Several MSPs that have built businesses around migrating, managing and automating enterprise workloads on the AWS cloud told CRN they're concerned that Sentinel could compete with their own offerings.

"MSPs generate long-term recurring revenue, which is highly sought after, so Sentinel is viewed as a competitive threat," said one partner who didn't want to be named. "Will AWS grow it over time and compete with its channel? I trust they won’t, but it’s going to be tough [for Amazon to say] no to the top customers who want buy services directly." 

AWS has invited a handful of MSP partners around the world to take part in the Sentinel beta, said the sources, adding that these partners will help customers get the service up and running in their environments. 

AWS is downplaying the potential for channel conflict, telling these MSPs it plans to sell Sentinel to only a handful of its largest customers, and that the product is designed for only a narrow set of simple workloads that don't include customized software, according to the sources.

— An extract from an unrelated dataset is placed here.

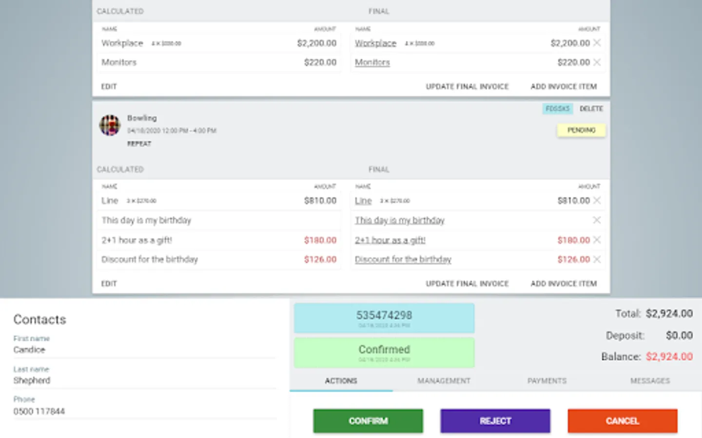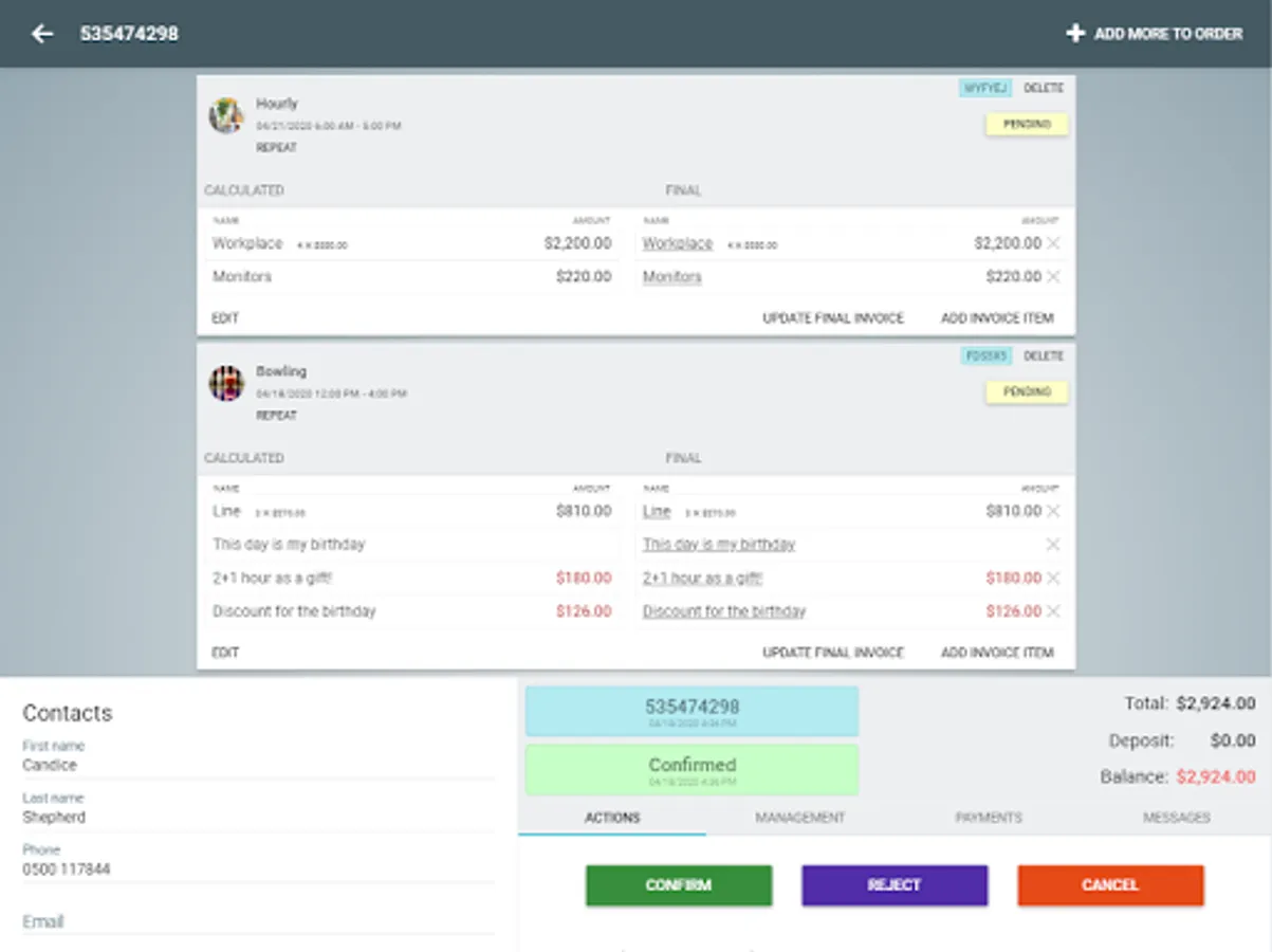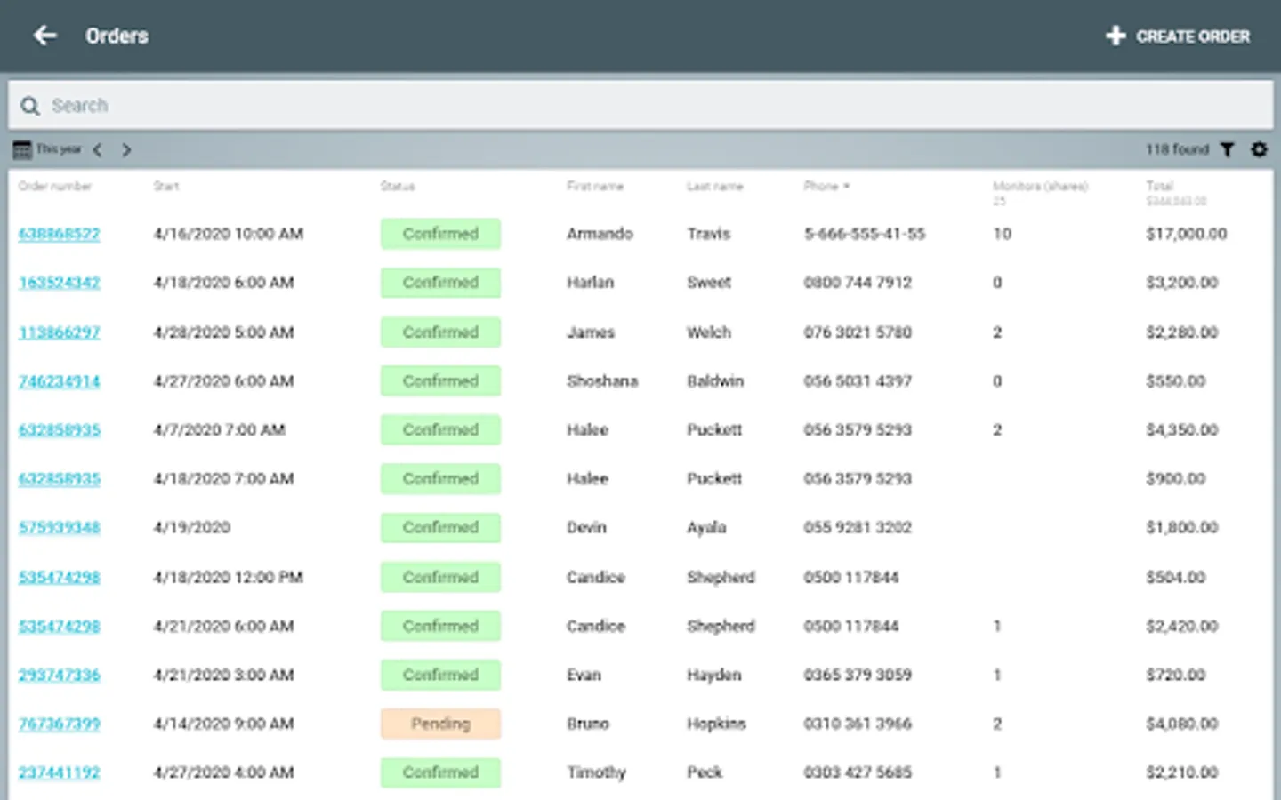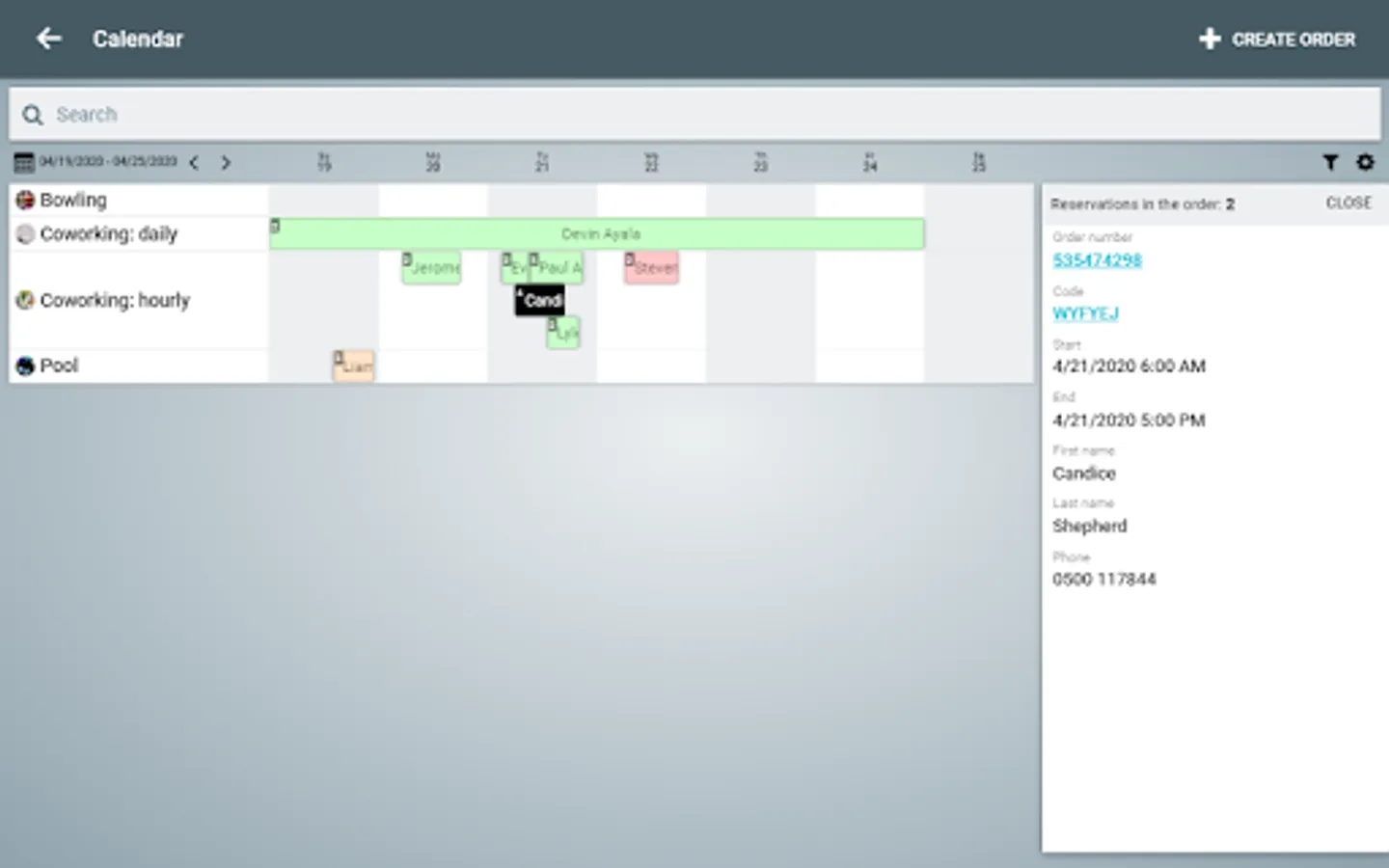 - Working with orders in the table and calendar mode.

"If you're a multinational company and you have some workloads that fit, and you would rather have AWS managing your infrastructure than someone else, you'll be able to buy Sentinel directly from AWS," one source with knowledge of the offering told CRN.

AWS has been working on Sentinel for more than a year, and possibly since as long ago as 2013, but the sources said the provider's timetable for launching the product isn't clear. 

An AWS spokeswoman told CRN in an emailed statement: "We don’t comment on rumors, but will note that we always build services with our partner ecosystem in mind, enabling our partners to leverage and extend whatever we build to create unique value-added solutions for customers."